Top of DATA RECORDS

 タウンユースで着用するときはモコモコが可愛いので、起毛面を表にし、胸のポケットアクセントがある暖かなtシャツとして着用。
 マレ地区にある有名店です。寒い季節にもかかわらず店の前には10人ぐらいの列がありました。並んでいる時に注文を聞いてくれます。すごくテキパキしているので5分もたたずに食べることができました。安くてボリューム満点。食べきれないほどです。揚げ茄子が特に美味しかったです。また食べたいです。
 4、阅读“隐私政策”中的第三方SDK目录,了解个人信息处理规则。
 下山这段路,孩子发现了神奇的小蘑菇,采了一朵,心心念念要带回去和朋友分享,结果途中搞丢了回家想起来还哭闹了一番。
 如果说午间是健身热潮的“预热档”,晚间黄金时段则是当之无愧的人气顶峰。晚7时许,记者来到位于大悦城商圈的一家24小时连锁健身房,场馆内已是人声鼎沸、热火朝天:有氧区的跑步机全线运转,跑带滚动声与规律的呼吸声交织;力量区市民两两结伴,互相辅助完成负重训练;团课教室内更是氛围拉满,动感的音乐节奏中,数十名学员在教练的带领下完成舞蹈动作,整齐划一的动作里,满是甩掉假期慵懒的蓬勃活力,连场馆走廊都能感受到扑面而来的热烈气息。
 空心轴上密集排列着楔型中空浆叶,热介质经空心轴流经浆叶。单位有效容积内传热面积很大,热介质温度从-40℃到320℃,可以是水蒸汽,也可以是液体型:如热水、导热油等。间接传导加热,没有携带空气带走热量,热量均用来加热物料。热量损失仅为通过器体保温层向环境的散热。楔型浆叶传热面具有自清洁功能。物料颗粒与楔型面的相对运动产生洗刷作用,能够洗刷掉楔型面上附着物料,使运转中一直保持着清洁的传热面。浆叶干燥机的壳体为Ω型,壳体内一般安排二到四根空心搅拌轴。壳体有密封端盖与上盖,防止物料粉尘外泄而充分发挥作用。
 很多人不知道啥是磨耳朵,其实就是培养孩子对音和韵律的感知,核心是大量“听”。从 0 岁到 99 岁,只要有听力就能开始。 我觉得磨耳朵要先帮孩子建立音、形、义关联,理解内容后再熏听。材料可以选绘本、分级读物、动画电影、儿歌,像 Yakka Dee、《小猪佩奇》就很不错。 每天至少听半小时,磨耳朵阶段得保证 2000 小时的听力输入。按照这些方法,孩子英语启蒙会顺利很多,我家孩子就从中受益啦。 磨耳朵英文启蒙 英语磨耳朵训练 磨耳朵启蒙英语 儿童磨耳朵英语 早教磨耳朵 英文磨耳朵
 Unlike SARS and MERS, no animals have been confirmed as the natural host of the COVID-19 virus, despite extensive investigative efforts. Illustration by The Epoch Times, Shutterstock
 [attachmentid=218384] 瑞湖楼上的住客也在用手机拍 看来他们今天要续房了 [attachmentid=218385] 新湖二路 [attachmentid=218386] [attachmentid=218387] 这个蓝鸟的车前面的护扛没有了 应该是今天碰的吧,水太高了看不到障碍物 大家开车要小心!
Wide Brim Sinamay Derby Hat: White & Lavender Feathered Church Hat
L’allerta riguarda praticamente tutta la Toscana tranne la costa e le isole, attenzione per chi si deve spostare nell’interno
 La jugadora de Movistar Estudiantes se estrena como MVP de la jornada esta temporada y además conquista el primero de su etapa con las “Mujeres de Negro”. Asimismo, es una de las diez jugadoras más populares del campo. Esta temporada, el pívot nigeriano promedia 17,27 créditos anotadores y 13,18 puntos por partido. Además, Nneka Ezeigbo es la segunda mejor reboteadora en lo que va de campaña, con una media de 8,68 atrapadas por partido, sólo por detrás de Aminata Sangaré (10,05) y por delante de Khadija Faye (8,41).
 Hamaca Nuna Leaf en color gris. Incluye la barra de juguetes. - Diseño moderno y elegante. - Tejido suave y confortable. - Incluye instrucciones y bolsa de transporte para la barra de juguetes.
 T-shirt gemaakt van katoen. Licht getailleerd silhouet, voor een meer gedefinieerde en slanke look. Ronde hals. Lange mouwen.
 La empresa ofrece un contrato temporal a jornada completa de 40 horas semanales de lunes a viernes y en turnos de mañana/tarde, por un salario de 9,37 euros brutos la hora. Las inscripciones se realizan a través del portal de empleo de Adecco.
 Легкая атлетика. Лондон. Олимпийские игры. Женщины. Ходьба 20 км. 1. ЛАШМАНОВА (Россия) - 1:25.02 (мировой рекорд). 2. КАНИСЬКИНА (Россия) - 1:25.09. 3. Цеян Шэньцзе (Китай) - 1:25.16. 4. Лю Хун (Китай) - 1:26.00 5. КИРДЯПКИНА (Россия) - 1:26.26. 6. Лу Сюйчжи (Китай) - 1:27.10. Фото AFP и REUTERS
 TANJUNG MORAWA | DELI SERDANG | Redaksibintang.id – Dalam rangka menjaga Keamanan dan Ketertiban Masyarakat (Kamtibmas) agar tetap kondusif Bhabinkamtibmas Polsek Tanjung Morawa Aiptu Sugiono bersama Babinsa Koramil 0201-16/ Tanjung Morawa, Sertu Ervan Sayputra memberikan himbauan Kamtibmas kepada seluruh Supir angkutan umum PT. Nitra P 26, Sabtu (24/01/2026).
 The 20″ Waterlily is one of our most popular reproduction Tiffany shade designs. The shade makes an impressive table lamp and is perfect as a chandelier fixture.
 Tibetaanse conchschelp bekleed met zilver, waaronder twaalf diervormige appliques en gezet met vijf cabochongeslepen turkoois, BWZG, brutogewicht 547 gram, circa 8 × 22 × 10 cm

Bottom of DATA RECORDS

* _TASK DIRECTIONS_:
Return, with no change at all, every line in the entries above from the line containing "Hamaca Nuna Leaf" through the line containing "T-shirt gemaakt van".

* _EXERCISE ANSWER_:
 Hamaca Nuna Leaf en color gris. Incluye la barra de juguetes. - Diseño moderno y elegante. - Tejido suave y confortable. - Incluye instrucciones y bolsa de transporte para la barra de juguetes.
 T-shirt gemaakt van katoen. Licht getailleerd silhouet, voor een meer gedefinieerde en slanke look. Ronde hals. Lange mouwen.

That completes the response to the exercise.